[[ SUPPLIED DATA, beginning ]]

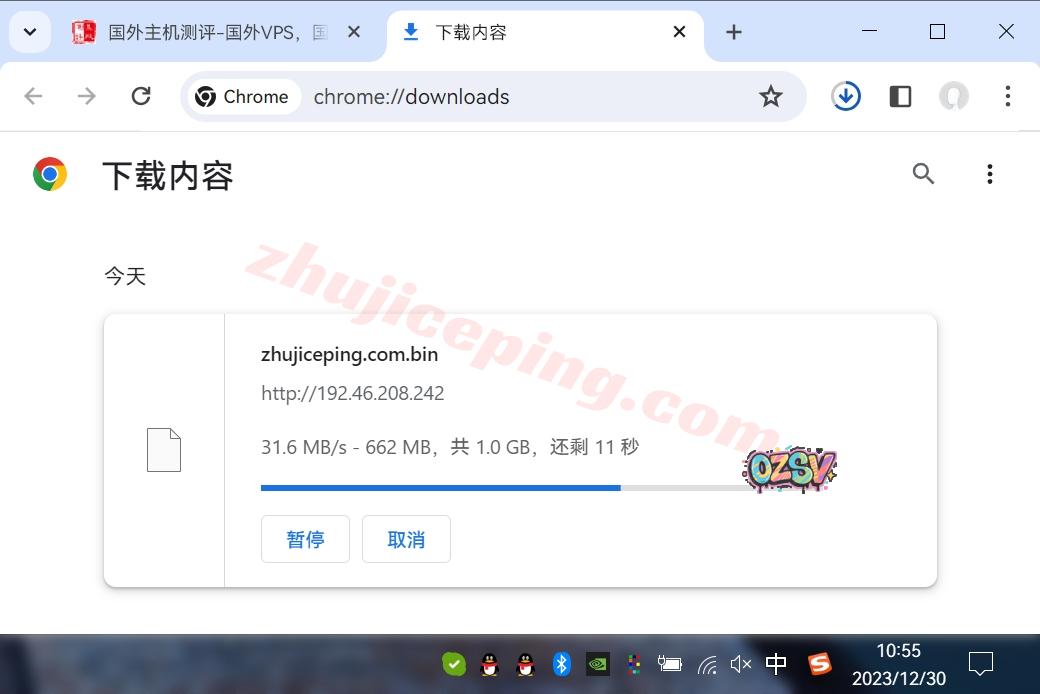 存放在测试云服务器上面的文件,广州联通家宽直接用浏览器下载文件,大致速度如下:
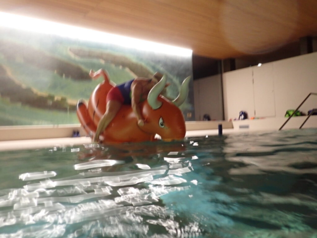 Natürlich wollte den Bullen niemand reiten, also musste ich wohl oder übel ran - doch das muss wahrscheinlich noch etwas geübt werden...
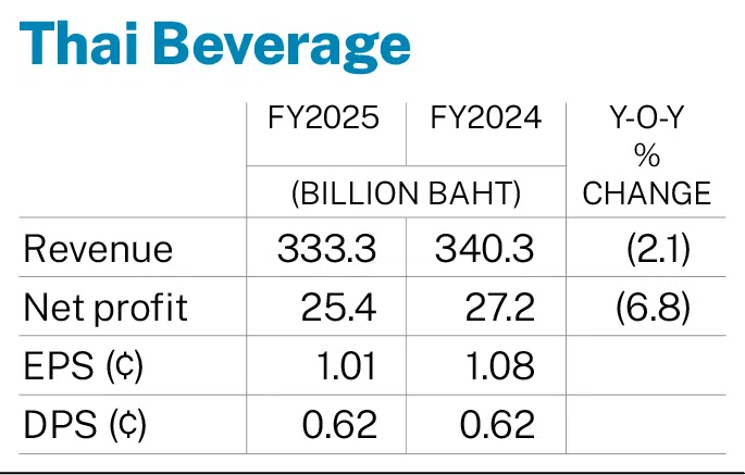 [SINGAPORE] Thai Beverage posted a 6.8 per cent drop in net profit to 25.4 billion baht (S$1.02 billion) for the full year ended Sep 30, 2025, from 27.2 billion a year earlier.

[[ SUPPLIED DATA, end ]]

#### WHAT YOU SHOULD DO
An exact copy of the listing above is to be set down, with no pictures in it.

#### TASK RESPONSE
 存放在测试云服务器上面的文件,广州联通家宽直接用浏览器下载文件,大致速度如下:
 Natürlich wollte den Bullen niemand reiten, also musste ich wohl oder übel ran - doch das muss wahrscheinlich noch etwas geübt werden...
 [SINGAPORE] Thai Beverage posted a 6.8 per cent drop in net profit to 25.4 billion baht (S$1.02 billion) for the full year ended Sep 30, 2025, from 27.2 billion a year earlier.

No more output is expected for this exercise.